Отделаться от инструктора не удалось.
— Вы поймите, Михаил, — сказал он доверительно, — я ведь за вас отвечаю.
Делать было нечего, пришлось гулять вдвоем. Шли не спеша мимо сугробов выше людей и мимо людей угрюмее сугробов. Дома были обыкновенные, сталинской застройки. Я сказал, что хочу посмотреть старый город, что-нибудь, что еще сохранилось с герценовских времен, и Александр повел меня к Преображенскому монастырю.
По дороге он вдруг спросил меня:
— А что там у вас в Москве творится с нацистами?
— С нацистами?
— Ну да, с нацистами.
— Не знаю. А что?
И он рассказал мне, что весной к ним поступило из Москвы распоряжение во что бы то ни стало предотвратить выступление нацистов, ожидавшееся 20 апреля, в день рождения Гитлера. Что за нацисты, откуда взялись — никто не понял, но раз пришло распоряжение, нужно выполнять. Создали штаб, созвали актив, составили план мероприятий. Отменили 20 апреля занятия в школах, чтобы дети сидели дома и не выходили на улицы. Провели на всех предприятиях и во всех учреждениях закрытые партсобрания, мобилизовали общественность, дружинников, создали отряды добровольцев. В назначенный день милиция оцепила весь центр, туда пускали только по специальным пропускам. Слухи сделали свое дело, и на улицы вышел весь город, пришли все школьники и пэтэушники с велосипедными цепями — бить гитлеровцев. Началась давка. Милиция стала разгонять толпы. В панике стали топтать друг друга. Были жертвы — двух мальчишек задавили.

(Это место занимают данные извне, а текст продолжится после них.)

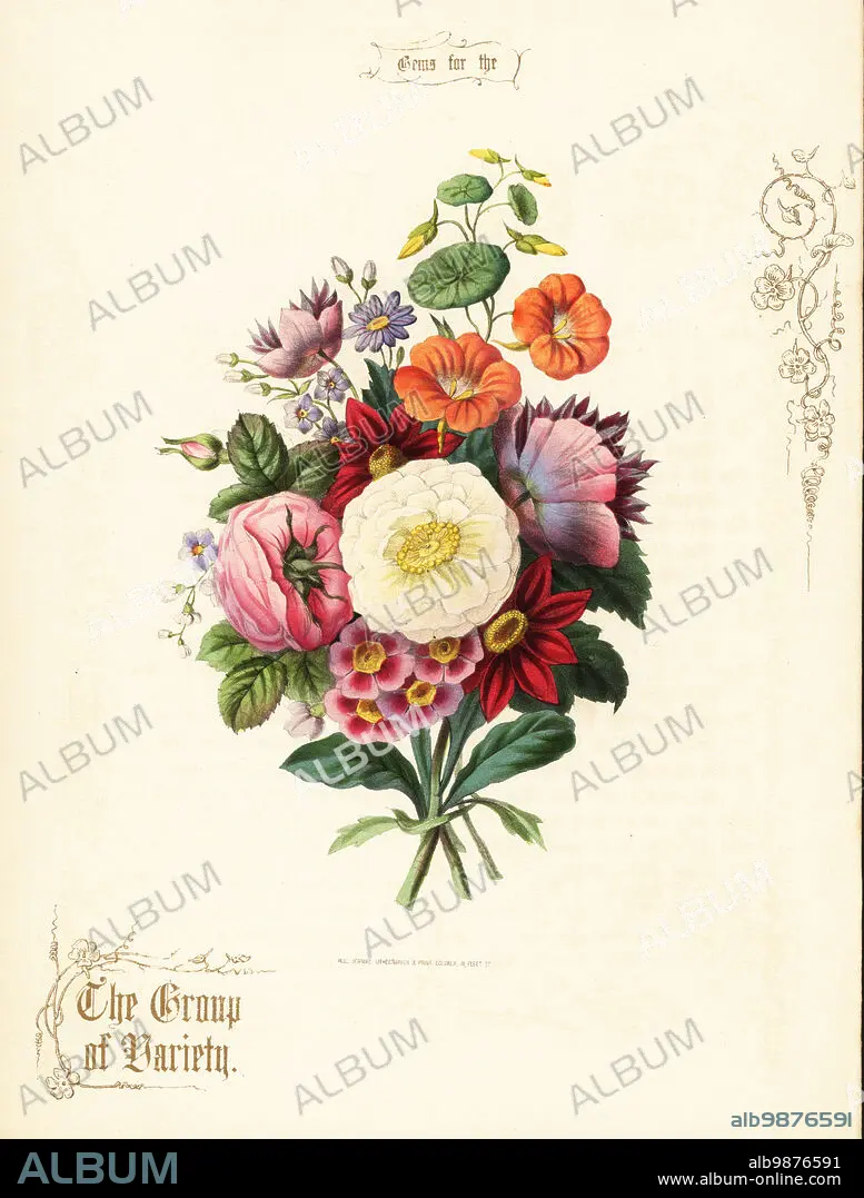 Caption: Bouquet of white rose, dahlia, nasturtium, auricula. The Group of Variety. Hand-coloured lithograph with gold calligraphy by Paul Jerrard from his own Gems for the Drawing Room, Paul Jerrard, 111 Fleet Street, London, 1852. Jerrard was a Victorian lithographer and print colourer active in London.

— И вот мы все никак не можем понять, — говорил Александр, — что это у вас там в Москве за нацисты объявились?
В Преображенском монастыре жили. Во дворе висело задубевшее белье. По углам дымились на морозе помойные кучи. С купола кафедрального собора, обшарпанного, поросшего березками, странно полусвешивался сбитый крест — висел на луковке вниз головой, будто убитый, зацепившись ногой за стремя, разбросал руки.
В УАЗе было жарко натоплено, и меня быстро сморило после бессонной вагонной ночи. На укатанном снежном шоссе укачивало, как на волнах. На какую-то минуту в полудреме представилось, что это не обкомовский УАЗ, а кибитка мчит меня куда-то версту за верстой — и вот сейчас перебежит дорогу шальной заяц, и возница посмотрит испытующе на меня, мол, что, поворачивать? А я ему: «Пошел!» И мы поедем дальше, навстречу морозному, скрытому вон за тем ельником будущему.
Потом шофер включил магнитофон, и запела Пугачева.
Пугачевская кибитка… Заячья шинель…
Я заснул.
— Слышь, корреспондент, приехали! — шофер ткнул меня в бок. — Облянищево.
Он произнес название деревни с ударением на «бля».
Засыпанные снегом избы. Собачье дерьмо на подтаявшем насте. Дымы, подпирающие низкое небо.
— Что это? — спросил я, глядя на избу с флагом, у которой мы остановились.
— Начальство. Вас там ждут.
Из избы выбежали несколько человек в телогрейках и ушанках. Меня потащили, отнимая сумку, в дом.
В комнате, обклеенной графиками и плакатами, какой-то щуплый человечек с лицом, как жеваная бумага, наверно, их начальник, осклабившись и клацая остатками черных зубов, подталкивал ко мне такого же щуплого, с таким же изжеванным лицом и с такими же черными зубами. При этом что-то тараторил, прикусывая окончания, так что я скорее догадывался, чем понимал. Наверно, он хотел сказать:
— Вот он, наш герой! Серега, не робей! Корреспондент тебя не съест!
Все гоготали.
И опять эти люди в телогрейках показались мне братьями — все с жеваными лицами, щуплые, беззубые, осклабившиеся.
Серега повел меня по узкой утоптанной тропинке между сугробами и поваленными заборами к своей избе.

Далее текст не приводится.